Compile Time Frequency Splitting

About a year ago, I watched a presentation given at ADC 21 by Matthew Robbetts that discusses the usage of the standard template library to generate DSP structures at compile time. If you have the time it’s an interesting watch. The talk is centered primarily around embedded devices, but it got me thinking about how similar strategies could be applied to an audio plugin (related: Compile-time signal chains in c++). This seemed like a cool way to accomplish two things: create a multi-band audio plugin and write some cool template code. The end product is Fumigate, Vain Audio’s newest vst3 plugin. Fumigate is a multi-band stereo expansion effect plugin which uses c++ template meta programming to generate an N-way frequency splitter along with N band effect processors.

 

The Goal

The goal from the beginning was to design and write the plugin in such a way that the number of processing bands would depend entirely on one compile time integer. Changing the total band count would result in the generation of a different signal flow, different parameters, and different ui elements.
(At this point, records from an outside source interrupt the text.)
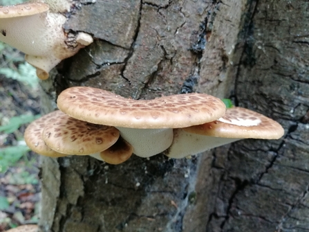 Starting out as stout little ears a little like Shrek's, this fungus grows rapidly into beautiful saucers, often in tiers all down the side of the tree upon which it lives. The cap surface is pale cream/golden and has the most beautiful pattern of brown scales on top, which also gives it it's other nickname - 'Pheasants back', as they resemble the feather pattern of said pheasant.
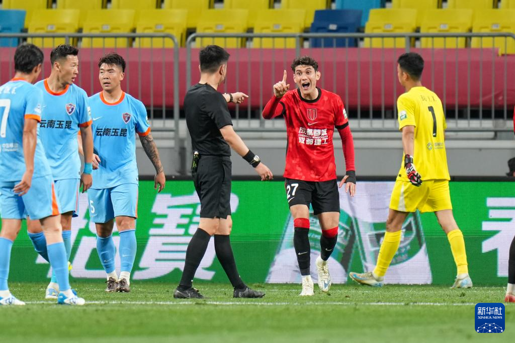 4月21日,主裁判戴弋戈(右)向成都蓉城队球员索罗金(中)出示黄牌。
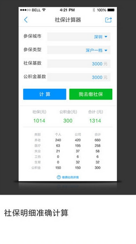【社保明细】根据所在城市和工资基数,快速计算出社保缴纳明细,让社保缴得更明白。
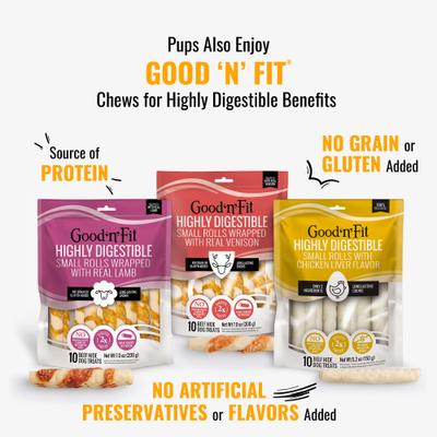 Treat your furry friend to the ultimate chew experience with Good 'n' Fun Long-Lasting Triple Flavor Stuffed Rolls Beef, Chicken, & Peanut Butter Rawhide Dog Chews. These long-lasting chews are made with a delicious combination of beef hide, chicken flavor, and real peanut butter flavor that will have your pup begging for more. The chewy center is packed with the tastes your pup craves, making it a satisfying and healthy way to satisfy his natural urge to chew. Plus, that chewing action helps reduce tartar buildup and remove plaque for a healthier smile. These chews are paw-fect for medium- and large-sized canine companions and are a good source of protein. So, let your pup indulge in this tasty and chewy treat while you enjoy his happy tail wags.

TotalBandCount = 5 TotalBandCount = 16

Having more than four or five bands generated at compile time or otherwise is objectively not useful in this type of plugin. Since manually initializing an array of four processors is trivial (and increasing from four to five processors is even simpler), why bother templatizing this at all? Because why not.

Some things can’t be done at compile time. juce::Identifiers for example, are run time objects. Creating and accessing parameter ids would have to be done at run time. The signal flow and processors would be the main focus of the compile time effort.

Individual Band Processors

The individual band processors are made up of basic effect processors held within templated container processors. Each container class performs another basic task like mixing or enabling. The container processors take a contained Processor type and an offset into the BandParams struct (a juce::Identifier pointer) as their template arguments. This allowed us to create mixers and enablers that were controlled by any parameter in the BandParams struct. The stripped down example below shows how parameter identifiers are templated in our band processors:

				
					template <typename Processor, const juce::Identifier BandParams:: *Parameter>
class ExampleTemplateProcessor
{
public:
    explicit MixProcessor(int bandNumber)
        : m_processor(bandNumber)
    {
        // Params::Band(int) returns a reference to a BandParams struct
        const juce::Identifier parameterId = Params::Band(bandNumber).*Parameter;
    }

private:
    Processor m_processor;
}

				
			

These band processors are then chained together to create more complex processors. The final band processor is pretty straightforward albeit a little ugly:

				
					class MainBandProcessor
{
	EnabledProcessor<MixProcessor<MidSideProcessor, &BandParams::MidSideMix>, &BandParams::MidSideEnable> m_midSideProcessor;
	EnabledProcessor<MixProcessor<HaasProcessor,	&BandParams::MidSideMix>, &BandParams::MidSideEnable> m_haasProcessor;
	EnabledProcessor<MixProcessor<ChorusProcessor,  &BandParams::ChorusMix>,  &BandParams::ChorusEnable>  m_chorusProcessor;
}

using FumigateBandProcessor = SoloProcessor<BandCountBypassProcessor<Enableable<MuteProcessor<Mixable<MainBandProcessor>>>>>;

				
			

Note: m_midSideProcessor and m_haasProcessor are being mixed and enabled by the same parameter, they should probably be combined.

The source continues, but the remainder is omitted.